Self-esteem is one of the many important things that all parents want to provide for their children and yet many seem to feel that they do not know how and what to do in raising a self-confident child. Very often self-esteem seems to be such a fragile, distant thing that many know but yet do not know how to develop it. Your self-esteem is a compilation of how you feel about yourself. It encompasses everything from your confidence in relationships, to your body image, to your work life. So how do we foster this thing called self-esteem in your child?
From time memorial, all of us have been taught honesty is the best policy. As much as we expect this to be practiced by our children, they do like to be reciprocated likewise. Children are highly sensitive and are able to sense it if and when you are not being honest. Hence, when it comes to dealing with a child's self-esteem it is best to be honest. For example, if art is not your child's forte, do not compliment saying that his or her drawing is the best you have ever seen. Your child will know it is not, and will not believe you the next time you say something meant to be positive, no matter how honest it is. You may like to try instead to tell your child something genuine about the piece of artwork or about the effort that has been spent. It is best to make non-judgmental statements such as, I see you have used your imagination in creating the flowers in many different colors.The statement is simply an observation rather than a false statement.
It is also important to understand that your child and your child's behavior are two separate things. This is not something easy to remember especially in situations when your child is acting out in ways that make you mad or that are unsafe. However, when disciplining your child for the behavior rather than the person, you can positively influence and foster self esteem. Why? If your child feels that you are mad because of him or her as a person rather than for the behavior, this can negatively affect his or her self-esteem. Try using statements to help with this. Say something like,"I do not like it when you leave you leave your toys scattered all over the floor." This addresses the behavior, rather than "You are a slob!" which attacks the character.
Letting a child make some choices is a good way for them to learn to be less dependent on others. Most children are constantly in situations where they are told what to do, when to do it, where to go, what to eat and many more. When children are given the opportunity to make some choices, regardless of how insignificant these may be, they learn to be self-reliant. As a parent, you would not want your children growing up feeling dependant on others for direction, would you? Simple everyday choices like what to wear (you can offer two or three choices) or choosing a special lunch item will foster your child to think independently.
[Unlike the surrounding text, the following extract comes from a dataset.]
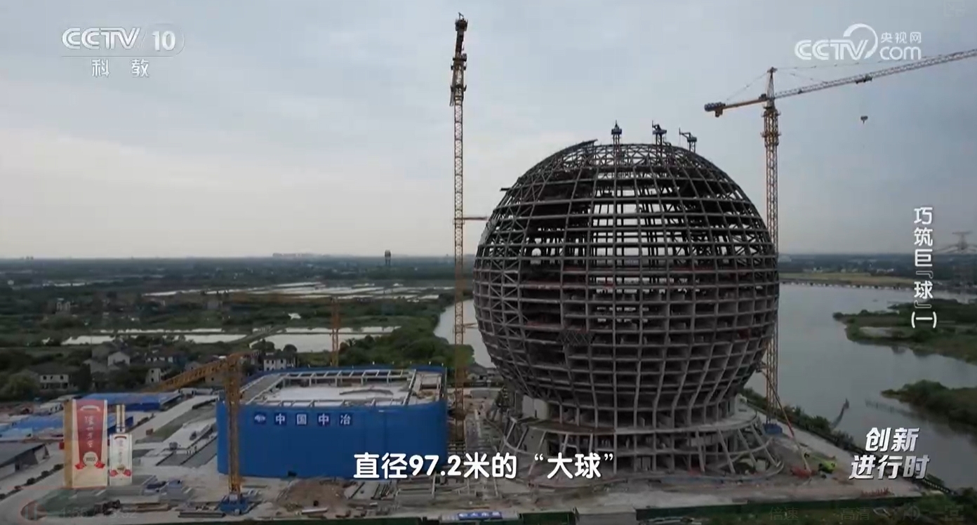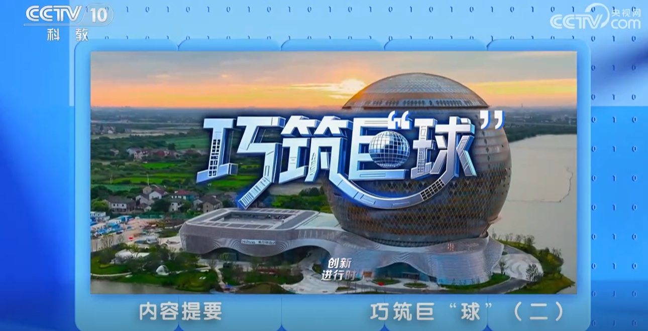央视科教频道CCTV10黄金档节目《创新进行时》5月20日至21日连续两天播出中国五冶湖州太阳酒店项目专题纪录片《巧筑巨“球”》,讲述了五冶项目团队攻克蝴蝶型穹顶网壳整体提升难题,研发国内首个超大球形防排水一体单元式玻璃幕墙系统的故事。

In helping to boost your child's self-confidence, it is important that as parents, we must encourage them to develop their talents as well as to try out new things. Trying out new things help to overcome fears of the unknown and at the same time allows us to learn to deal with success and failure. If a child is never given the chance to try out new things, this can possibly create problems later in life. After all, we live in a world that is ever changing! Life is never constant, whether it is a move to a new city or starting a new career. Children who are experienced at trying new things, even if small, will find that life's bigger transitions like leaving for college and starting a career - are much easier to handle.